What do the defenestrations of Paul H. O'Neill, the Treasury secretary, and Lawrence B. Lindsey, the president's top economic adviser, reveal about the economy now, its future and that of the stock market?
About the economy now, the moves show how worried President Bush is that the nation will slip back into recession.
"The economy is perceived to be a serious problem," said Jan Hatzius, senior economist at Goldman, Sachs. "You wouldn't need to change the team if there wasn't a problem."
Nor would you change the team if you weren't worried about being re-elected in 2004.
Clearly, the White House understands that the economy needs strong medicine if it is to stay on its feet and become ambulatory. That medicine, administered heretofore and only somewhat successfully by Alan Greenspan, will soon be augmented by new tax cuts, if Bush has his way.

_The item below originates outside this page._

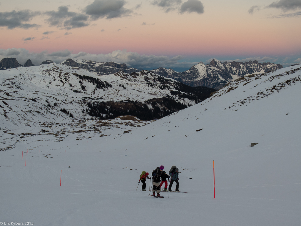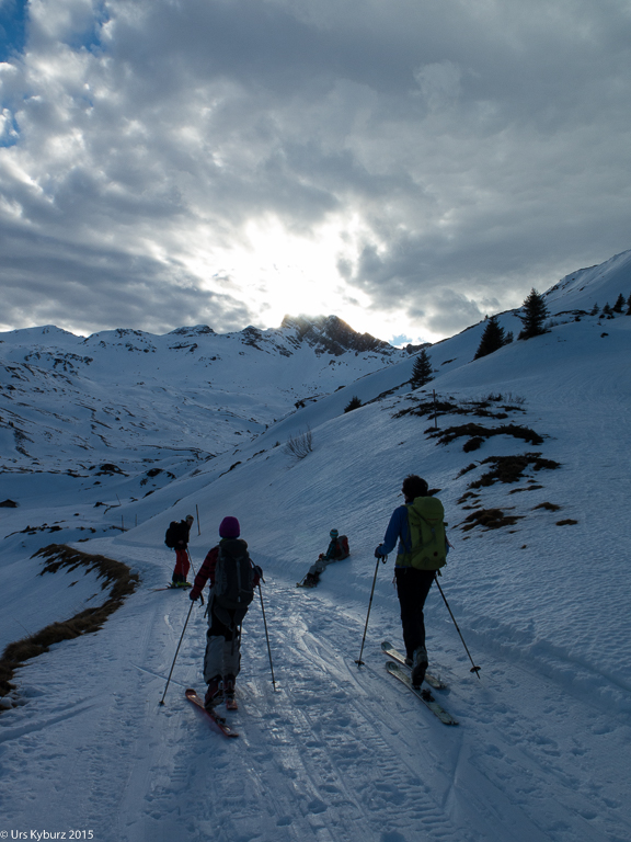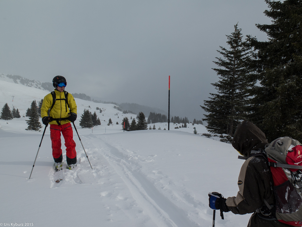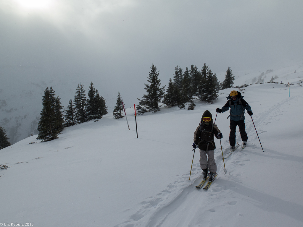 Trotz dem Wetter mussten wir mal wieder raus, dem am nächsten Tag sollten ja wieder die meisten zur Arbeit oder zur Schule. Gut eingepackt stellten wir uns dem Sturm entgegen. Es schneite waagrecht, die Skibrillen (jedenfalls meine) füllten sich allmählich mit Schnee. Aber noch selten war ich so froh um das Ding. Wir folgten wieder den Pfosten, auch um diese waren wir extrem froh, sonst hätten wir nach Kompass marschieren müssen (oder nach meinem GPS, was die Sache wieder etwas einfacher gemacht hätte). Endlich hatten wir das Auf und Ab hinter uns, wir konnten die Felle in einem windstillen Moment abziehen und im Rucksack verstauen. Die Abfahrt war besser als gedacht, Pulverschnee statt Bruchharst. In Fursch kehrten wir in einem Beizli ein und genehmigten uns etwas Warmes. Nach dieser Stärkung lag noch der Gegenanstieg hoch zum Sessellift vor uns. Das ging nun aber einfacher, hier unten blies der Wind nicht mehr so stark. Mit dem Lift erreichten wir doch noch den Maschgenkamm, wo wir gleich wieder das Restaurant ansteuerten. Die Schlussabfahrt zur Tannenbodenalp war gar nicht übel, hatte es doch jetzt ordentlich Pulverschnee auf den Eistafeln.

Neither O'Neill nor Lindsey had the ideas, or the credibility, to fix the problems. So both had to go.
Many economists agree that tax cuts are exactly what the doctor ordered, largely because consumer spending, the engine of economic growth in recent years, is imperiled by excessive borrowing.
"This economy is really laboring under a tremendous debt load," said Paul Kasriel, director of economic research at Northern Trust in Chicago. "The corporate sector has made great strides in slowing down its borrowing, but the private sector hasn't even started."
Sure enough, debt as a percentage of assets among households has reached new highs, consumer borrowing was very strong in the third quarter and equity extraction from homes has been enormous.
The household net worth figures released last week by the Federal Reserve, showing the latest in a string of declines, were also ominous.
"Prior to 2000, there had never been a year-on-year decline in household net worth in the postwar period," Kasriel noted. "It happened in 2000 and 2001 and now 2002. People are going to have to start saving more."
But increased saving means reduced spending, which would in turn drag down the economy. So tax cuts are a way to give consumers the cushion they need to save a bit even as they keep spending.
The problem for Bush is that his tax cuts -- of whatever sort -- are not likely to be enough to counterbalance increased taxes that most consumers will face from their state and local governments, which are struggling mightily. And because spending at state and local levels is almost double that of federal spending, restraint there could damage the economy significantly.
"If you take all levels of government together, it is unlikely that the federal government's stimulus can outweigh the state and local governments' restraint,'' Hatzius said. So even if Bush succeeds in pushing tax cuts through, they may not be that effective in propelling the economy.
As a result, Hatzius and Kasriel both expect the economy to sputter along next year. Hatzius projects gross domestic product growth of around 2 percent for 2003, while Kasriel forecasts around 3 percent. So where does that leave the stock market? Stable, perhaps, but not strapping.
"Sluggish gross domestic product growth usually means corporate profits aren't much better than flat," Hatzius said. And if corporate profits stagnate, stock indexes may, too. What has gone on in the past two years may well continue: individual stocks do well but the indexes disappoint.
"This economy is in hock," Kasriel said. "It has come off 20 years of extreme leveraging. It's going to take time to work through these things. And it won't be pleasant."